The 25-pair standard non-split 66 Block contains 50 rows; each row has four columns of clips that are electrically bonded. The 25-pair "Split 50" 66 Block is the industry standard for easy termination of voice cabling, and is a standard network termination by telephone companies–generally on commercial properties. Each row contains four clips, but the left two clips are electrically isolated from the right two clips.

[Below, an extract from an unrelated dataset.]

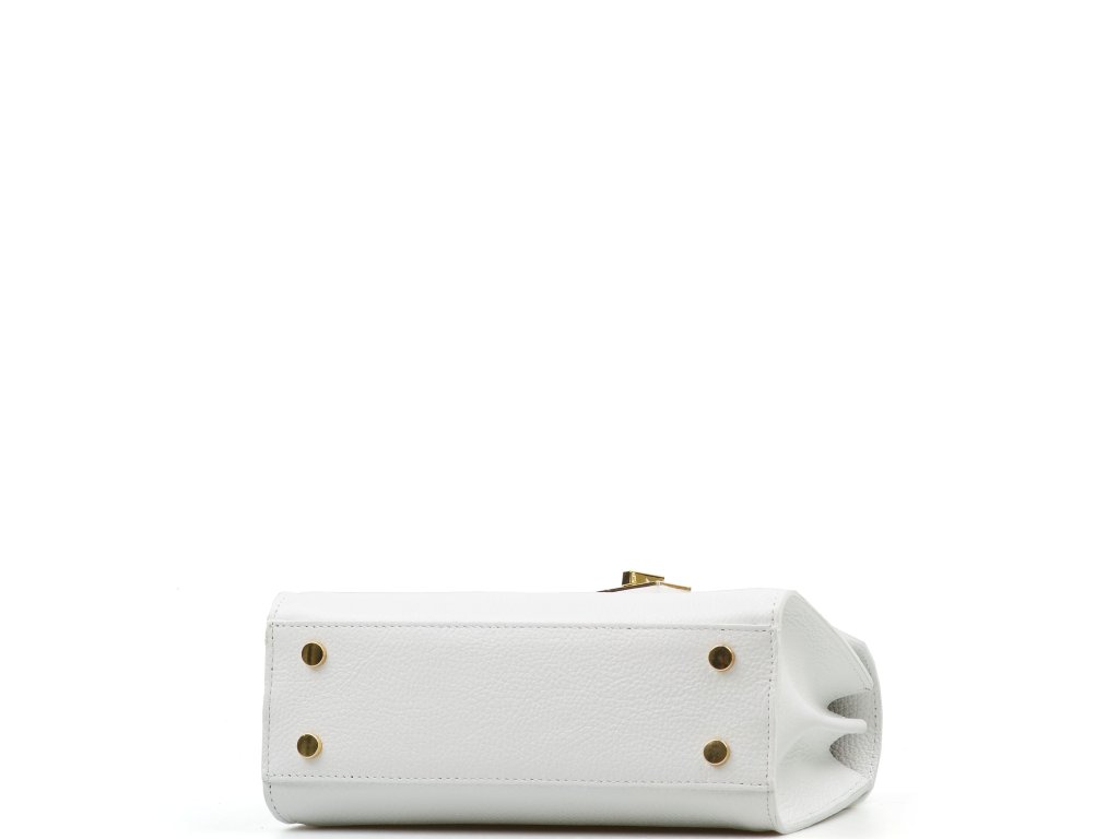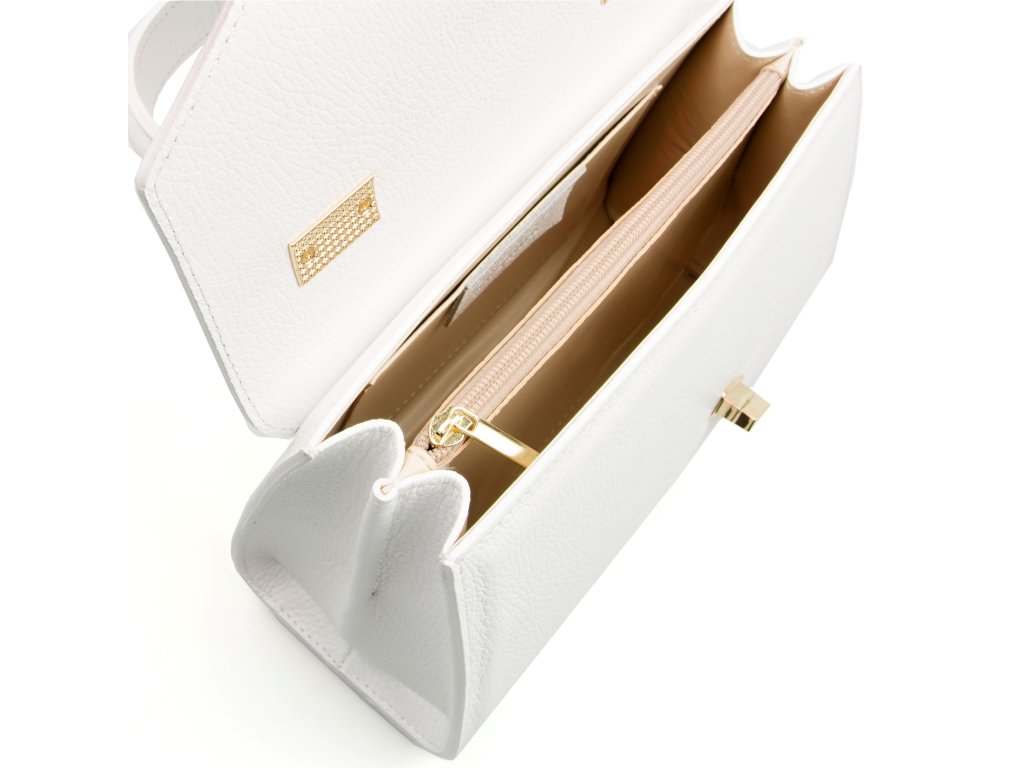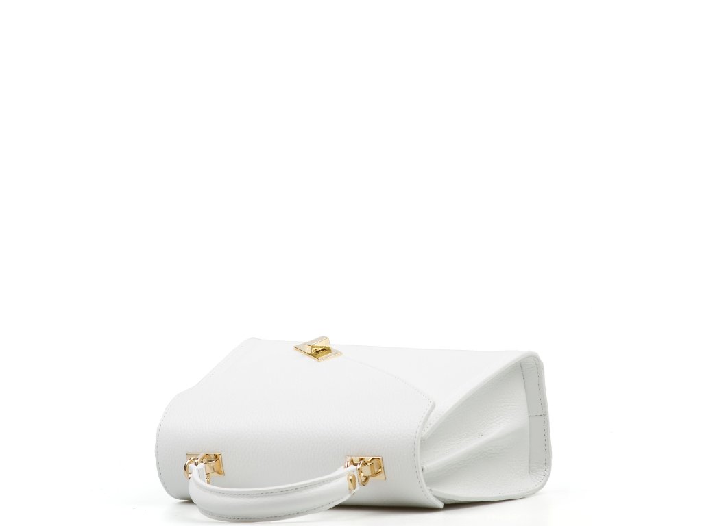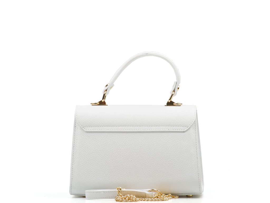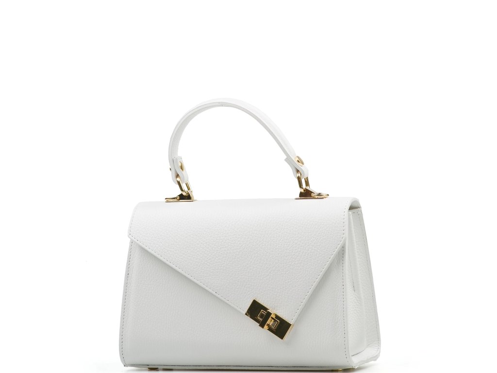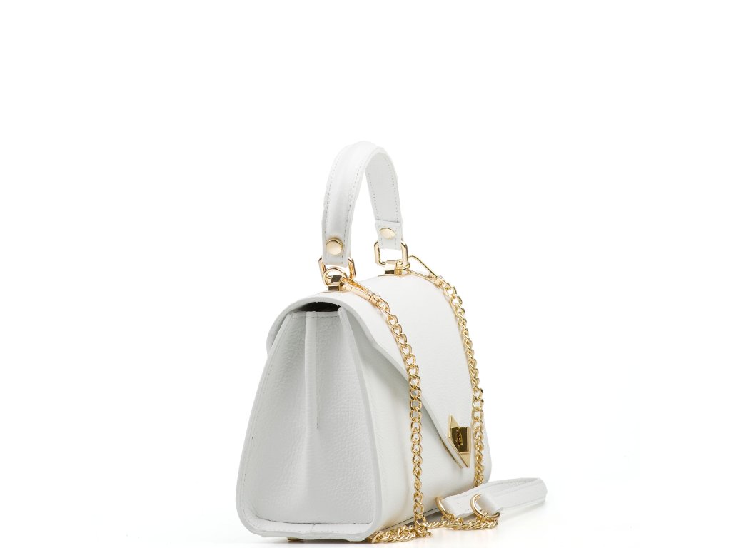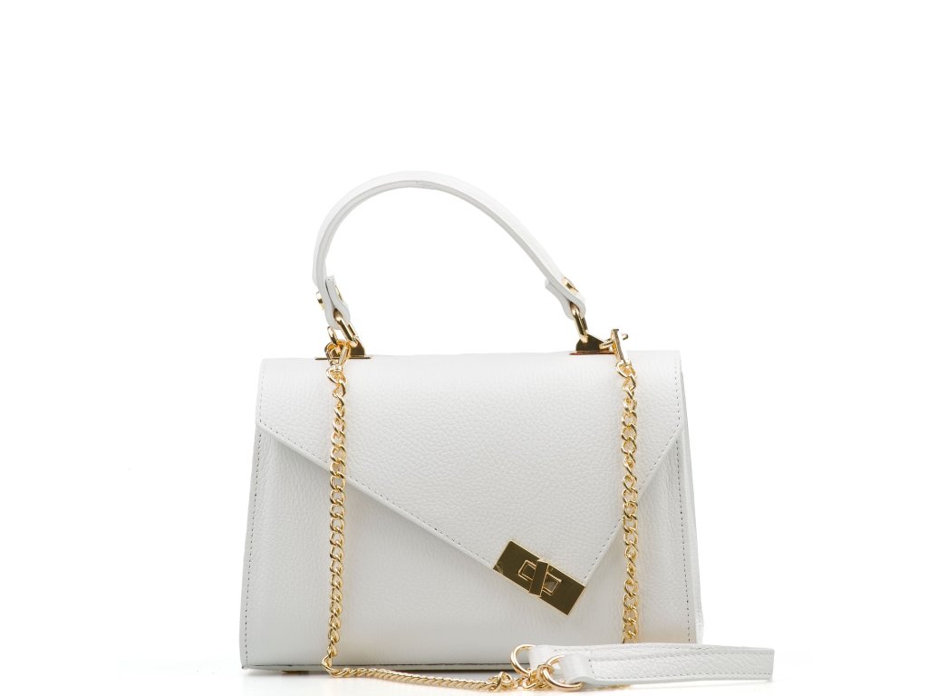 Kožená kabelka do ruky v bielej farbe. Interiér kabelky má k dispozícii tri úložné vrecká, uprostred na zips. Kabelku môžete nosiť v ruke alebo cez telo, pomocou prídavného retiazkového popruhu. Kabelku zdobí zlaté kovanie a asymetrická klopa. Kabelka je uzatvárateľná chlopňou.

66 blocks are available pre-assembled with an RJ-21 female connector that accepts a quick connection to a 25-pair cable with a male end. These connections are typically made between the block and the CPE (customer premise equipment).

Use

Circuit pairs are connected to the block with a punch-down tool by terminating the tip wire on the leftmost slot of one row and ring wire on the leftmost slot of the row beneath the mating tip wire. Typically, a 25-pair cable coming from the phone company is punched down on the left side of the block in pairs. The right hand side of the block is wired to the customer premise equipment (CPE) with jumper wires. Bridging clips are used to connect the two center terminals, connecting the left-hand side of a split block with its right-hand side, thus completing the circuit. The clips form the point of interface between the subscriber and the provider. The bridging clips can be easily removed by either the subscriber or phone company personnel for trouble isolation, allowing the ability to split a circuit and determine in which direction trouble may exist. An orange insulating cover attached to a 66 block denotes its designation as a demarcation point by the local exchange carrier.

Modern 110 blocks largely supplanted 66 blocks for new commercial installations at the end of the 20th century, as the capability for a circuit to carry digital data overlaid its ability to carry analog voice conversations. 110 block termination is almost always Category 5 (or higher) compliant, and capable of supporting 100 MHz (or faster) signaling. Compared to 110 and higher-density wire terminating blocks, 66 blocks are physically large; and because of their maximum 16 MHz Category 3 signaling compatibility, they are ill-suited for high speed (faster than 10BASE-T) data circuits. However, special Category 5e Certified 66 blocks are available from manufacturers such as Siemon which meet all standards for Cat5e termination.[1]

"Split 50" 66 blocks are still used as network interface blocks in distribution frames to interconnect circuits with bridging clips, but are primarily limited to narrowband circuits such as POTS/DSL, DS0, or DS1 circuits.